Suatu ketika seseorang yang sangat
kaya mengajak anaknya mengunjungi sebuah kampung, dengan tujuan utama
memperlihatkan kepada anaknya betapa orang-orang bisa sangat miskin. Mereka
menginap beberapa hari di sebuah daerah pertanian yang sangat miskin.
Pada perjalanan pulang, sang Ayah
bertanya kepada anaknya.
' Bagaimana perjalanan kali ini?'
' Wah, sangat luar biasa Ayah'
' Kau lihatkan betapa manusia bisa
sangat miskin' kata ayahnya.
' Oh iya' kata anaknya
' Jadi, pelajaran apa yang dapat kamu
ambil?' tanya ayahnya.
Kemudian si anak menjawab. ' saya
saksikan bahwa kita hanya punya satu anjing, mereka punya empat.
Kita punya kolam renang yang luasnya
sampai ketengah taman kita dan mereka memiliki telaga yang tidak ada batasnya.
Kita mengimpor lentera-lentera di
taman kita dan mereka memiliki bintang-bintang pada malam hari.
Kita memiliki patio sampai ke halaman
depan, dan mereka memiliki cakrawala secara utuh.
Kita memiliki sebidang tanah untuk
tempat tinggal dan mereka memiliki ladang yang melampaui pandangan kita.
Kita punya pelayan-pelayan untuk
melayani kita, tapi mereka melayani sesamanya.
Kita membeli untuk makanan kita,
mereka menumbuhkannya sendiri.
Kita mempunyai tembok untuk melindungi
kekayaan kita dan mereka memiliki sahabat-sahabat untuk saling melindungi.'
Mendengar hal ini sang Ayah tak dapat
berbicara.
Kemudian sang anak menambahkan '
Terimakasih Ayah, telah menunjukan kepada saya betapa miskinnya kita.'
Betapa seringnya kita
melupakan apa yang kita miliki dan terus memikirkan apa yang tidak kita punya.
Apa yang dianggap tidak berharga oleh seseorang ternyata merupakan dambaan bagi
orang lain.

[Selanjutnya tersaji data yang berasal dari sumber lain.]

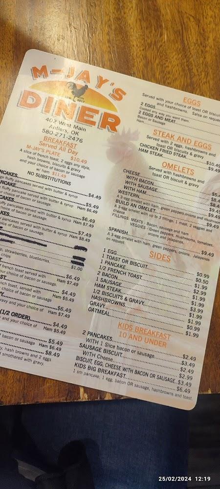 Welcome to MJay's Diner, your go-to spot in Antlers, OK, for a delicious and comforting dining experience. Located at 402 W Main St, we offer a delightful menu featuring breakfast, lunch, and dinner options, with an emphasis on local specialties. Enjoy our excellent coffee and shareable small plates in a relaxed, family-friendly atmosphere. We cater to everyone, with wheelchair accessibility, a children's menu, and convenient options for takeout and delivery. Whether you're stopping for a quick bite or settling in for a cozy dinner, MJay's Diner is the perfect place to savor great food and good company.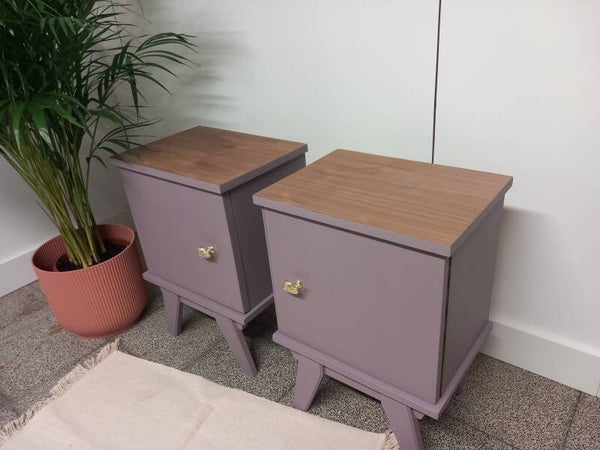 2 Nachtkastjes in de mooie warme licht paarse kleur Lavender Haze van Fusion mineral Paint, afgewerkt met de Clear wax ook van Fusion. De nachtkastjes hebben een nieuw blad gekregen van kastanje fineer. De knopjes zijn goudkleurig en in de vorm van een slakje.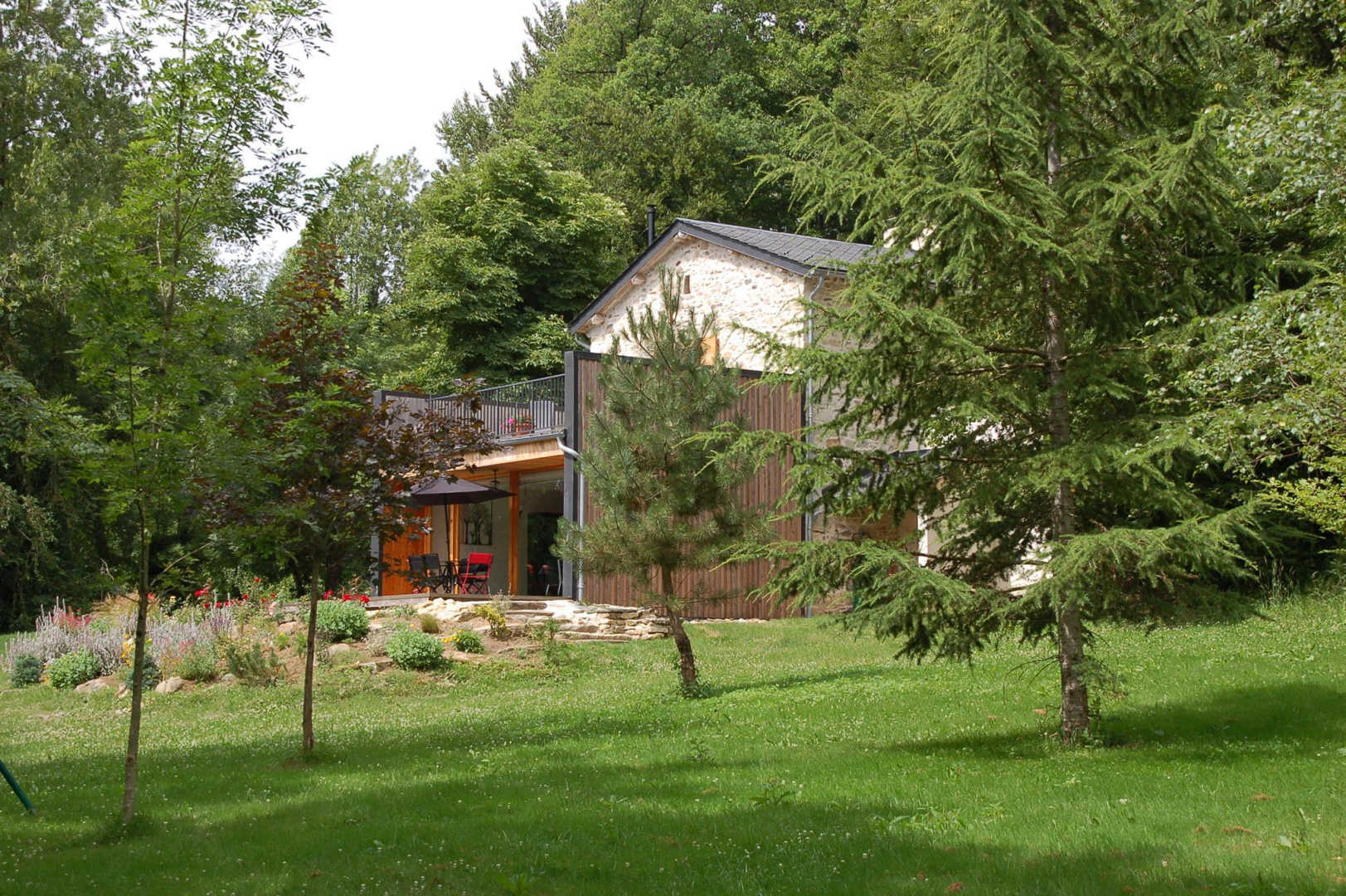 Mélange réussi entre éléments patrimoniaux (potager et évier en pierre, four à pain) et extension contemporaine. Belle terrasse en bois, jardin.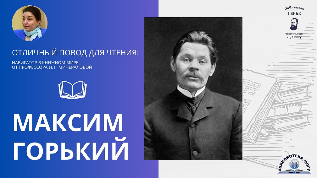 Библиотека МПГУ представляет проект "Отличный повод для чтения: навигатор в книжном мире от профессора И. Г. Минераловой" О жизни и творчестве Максима Горького рассказывает профессор Кафедры русской литературы XX-XXI веков Института филологии МПГУ, доктор филологических наук Минералова Ирина Георгиевна. Создатели проекта: авторы идеи – Минералова И. Г., профессор Кафедры русской литературы XX-XXI веков Института филологии МПГУ, доктор филологических наук, Лиханова И. В., директор библиотеки МПГУ, Свирина М. Н., заведующий информационно-справочной службой библиотеки МПГУ; подготовка материалов –Семенова Е. В., главный библиограф; текст за кадром, монтаж – Климова А. А., главный библиотекарь. Вопросы о доступности изданий из фонда Библиотеки МПГУ Вы можете направить на почту: lib_ms@mpgu.su . Адреса отделов Библиотеки МПГУ Вы можете посмотреть, перейдя по ссылке: http://mpgu.su/ob-mpgu/struktura/biblioteka/struktura/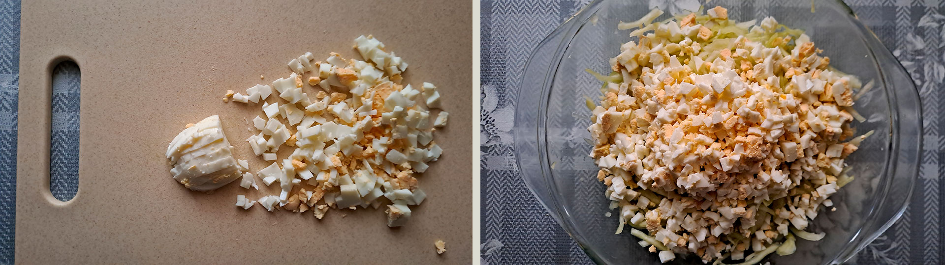 Шаг 4. Отваренные вкрутую яйца (4 шт.) очищаем от скорлупы, нарезаем небольшими кубиками и выкладываем в миску с капустой.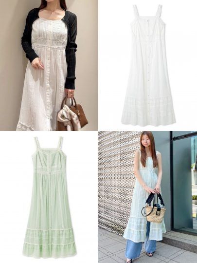 さまざまな模様の繊細なコットンレースをあしらった、ヴィンテージ調レースのキャミワンピ。トレンド感を楽しめて、レイヤードもしやすい前開きデザイン。さらりとしたコットン素材のホワイトとミントが、春っぽくておすすめです。

Semua ini berdasarkan kepada cara pandang seseorang. Membuat kita
bertanya apakah yang akan terjadi jika kita semua bersyukur kepada Tuhan
sebagai rasa terima kasih kita atas semua yang telah disediakan untuk kita
daripada kita terus menerus khawatir untuk meminta lebih.